To evaluate the safety and efficacy of extracorporeal photochemotherapy in patients with steroid-dependent Crohn’s disease by an open, monocentric trial in three phases of 24 weeks each.

Methods:

In phase 1 standardized steroid tapering was initiated in patients with a history of steroid-dependent Crohn’s disease. Those with a prospectively evaluated maintenance dose of at least 10 mg/day prednisolone continued steroid-withdrawal under the application of extracorporeal photochemotherapy in phase 2. The duration of remission or response was followed during phase 3. Colonic tissue bioptically obtained before and after extracorporeal photochemotherapy was studied by immunofluorescence microscopy for the presence of photoadduct positive cells.

Results:

Out of 24 patients included in phase 1, 10 entered phase 2 for extracorporeal photochemotherapy. Four subjects achieved remission and four others response. Significant reductions in serum C-reactive protein levels and intestinal permeability were measured, as well as increases in quality of life and plasma adrenocorticotropic hormone levels. No major side-effects were observed.
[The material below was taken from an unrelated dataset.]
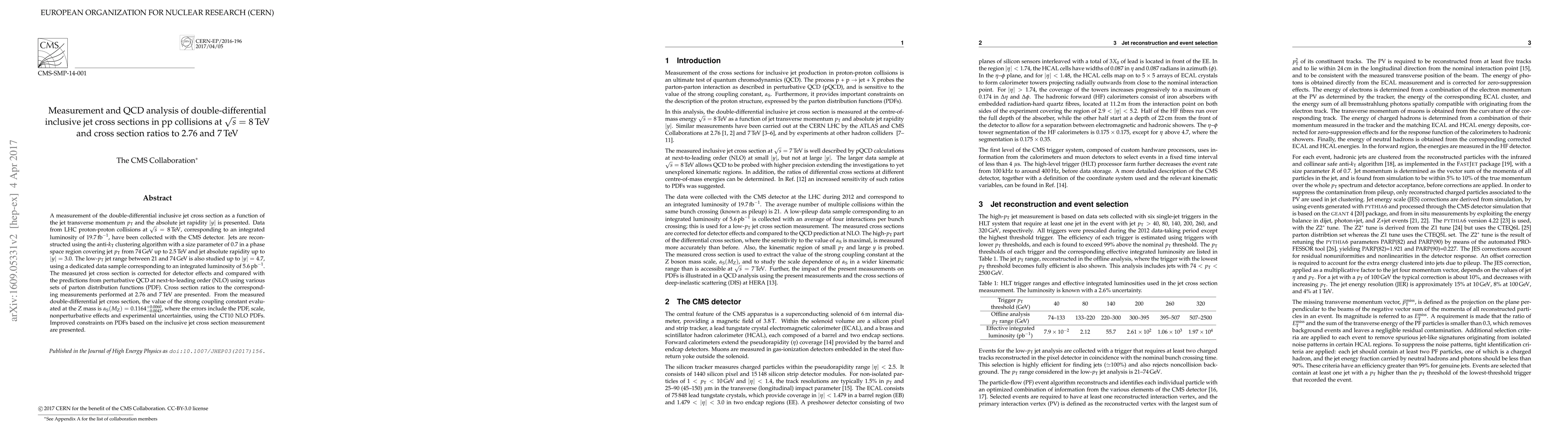 This paper reports a measurement of double-differential inclusive jet cross sections in proton-proton collisions at sqrt(s) = 8 TeV using the CMS detector, comparing results with perturbative QCD predictions and ratios to lower energy collisions at 2.76 and 7 TeV, leading to an improved determination of the strong coupling constant alpha_S(M_Z).

Remission remained stable in three out of four patients during phase 3. In three patients, positive nuclear stainings of photoadducts were detected in colonic mononuclear cells after extracorporeal photochemotherapy.

Conclusions:

Extracorporeal photochemotherapy represents a safe steroid-sparing approach in patients with Crohn’s disease and is associated with intestinal homing of photopheresed cells.